Essays, Polemics, and Correspondence on Anarchism, 1908-1938


By Victor Serge, Mitchell Abidor

PM Press

Copyright © 2015 PM Press
All rights reserved.
ISBN: 978-1-62963-053-3



CHAPTER 1

The Illegalists


(Editor's note: Émile Armand, later to be one of Serge's closest friends, was a central figure of anarchist individualism.)

ARMAND'S CONVICTION IN PARIS FOR COUNTERFEITING HAS BROUGHT BACK the old question of the illegalists.

I don't know Armand or the details of his affair. And so without showing any particular interest in his personality — toward which I only feel that sentiment of fraternity that binds all the militants of the idea — I will simply pose questions of principle.

What should our attitude be toward illegalists (in the economic sense of the word, i.e., people living off illicit labor) and particularly toward the comrades in that category?

The answer seems so clear to me that if I hadn't heard numerous discussions on this subject — and even in our circle — the idea of writing this article would never have occurred to me.

We approve and admire the antimilitarist who either by desertion or by some other means refuses to serve the masters' fatherland, and in so doing puts himself in open combat against society, whose law he violates: that of military service, otherwise known as servitude owed the state.

After this, how can we disavow that other comrade whose temperament bows as little before the regime of the workshop as the antimilitarist bows before that of the barracks and who, by some illegal method, puts himself in a state of revolt against the law of the slavery of work?

Every revolt is in essence anarchist. And we should stand alongside the economic rebel (when he is conscious, of course) the same way we stand beside the political, antimilitarist, or propagandist rebel.

All rebels, through their acts, are our people. Anarchism is a principle of struggle: it needs fighters and not servants the way statist socialism does, machines with complicated gears that have only to allow themselves to vegetate in order to live in a bourgeois fashion.

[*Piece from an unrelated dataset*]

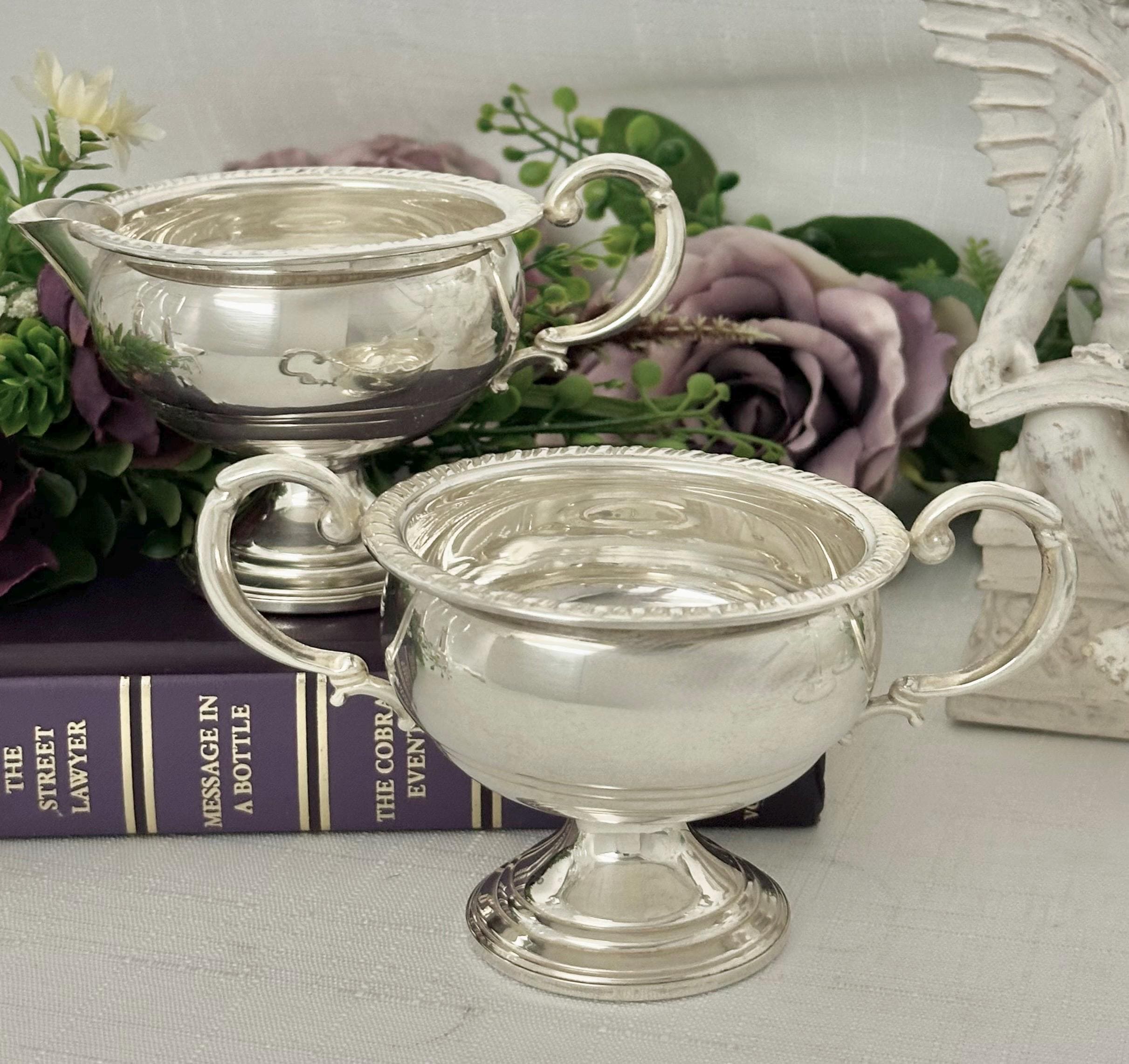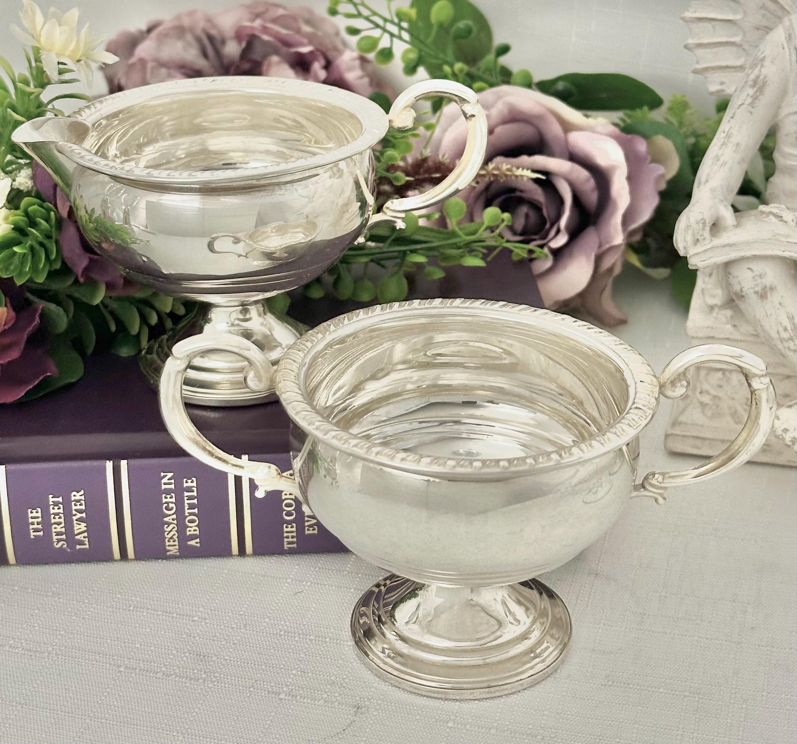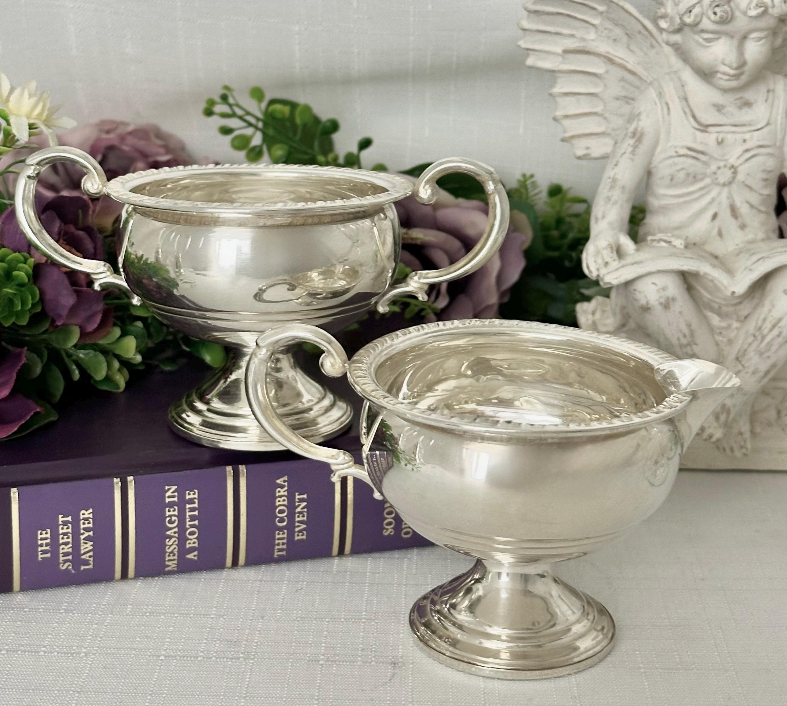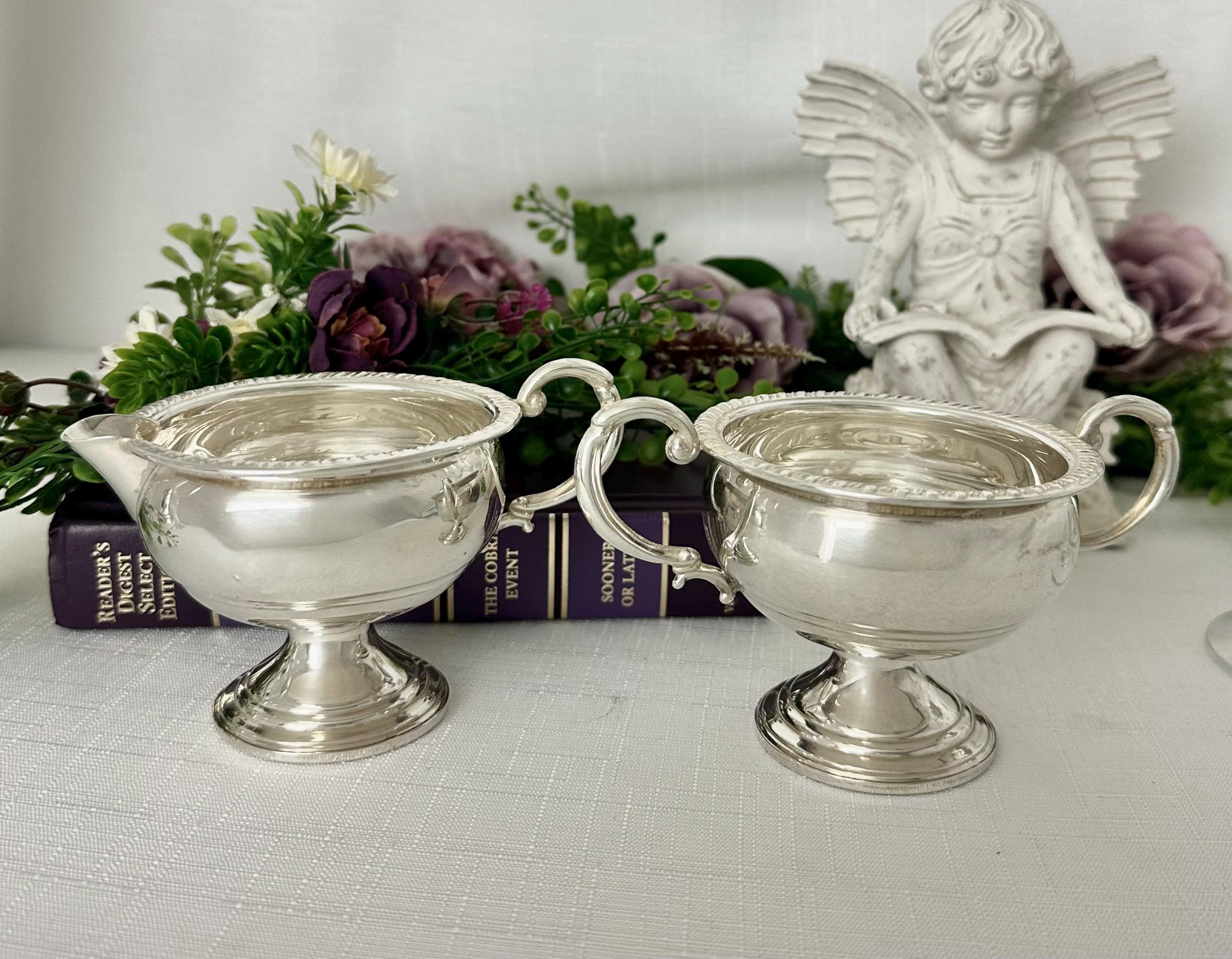 This is for a vintage Garden Silversmith Sterling Cream and Sugar Set. These are a luxurious addition to any dining table. Made from sterling silver and weighing 191 grams, this set exudes elegance and sophistication. The bases of each are weighted for stability.

But it seems proper to me to trace a limit. I said above "economic rebel," for if the Duvals and the Pinis, who steal because they can't submit to the oppression of the bosses, are our people, it isn't the same for many so-called anarchists who have paraded through the various criminal courts over the past few years. Theft is often nothing but an act of cowardice and weakness, for the man who commits it has no other goal than to escape work, while at the same time escaping the difficulties of social struggle. Before the jury, instead of being a common criminal the burglar or the counterfeiter declares himself an "anarchist" in the hope of being interesting or looking like a martyr to a cause he knows nothing about. He finds nothing better to respond to the judge who condemns him but the traditional and ever so banal "Vive l'anarchie!" But if this cry in other mouths has taken on a powerful resonance, here it has a flimsy title to our solidarity.

For our part these unfortunates deserve neither sympathy nor antipathy. They aren't rebels but escapists. They have clumsily escaped from the social melee. More clever, more daring, or luckier they would have "arrived" and become bankers, functionaries, or merchants — in a word, honest men. They would have legislated against us like vulgar Clemenceaus and without hesitation would have sent their unlucky brethren to the penal colonies. Such shipwrecks denote so much weakness and powerlessness that they can only inspire pity.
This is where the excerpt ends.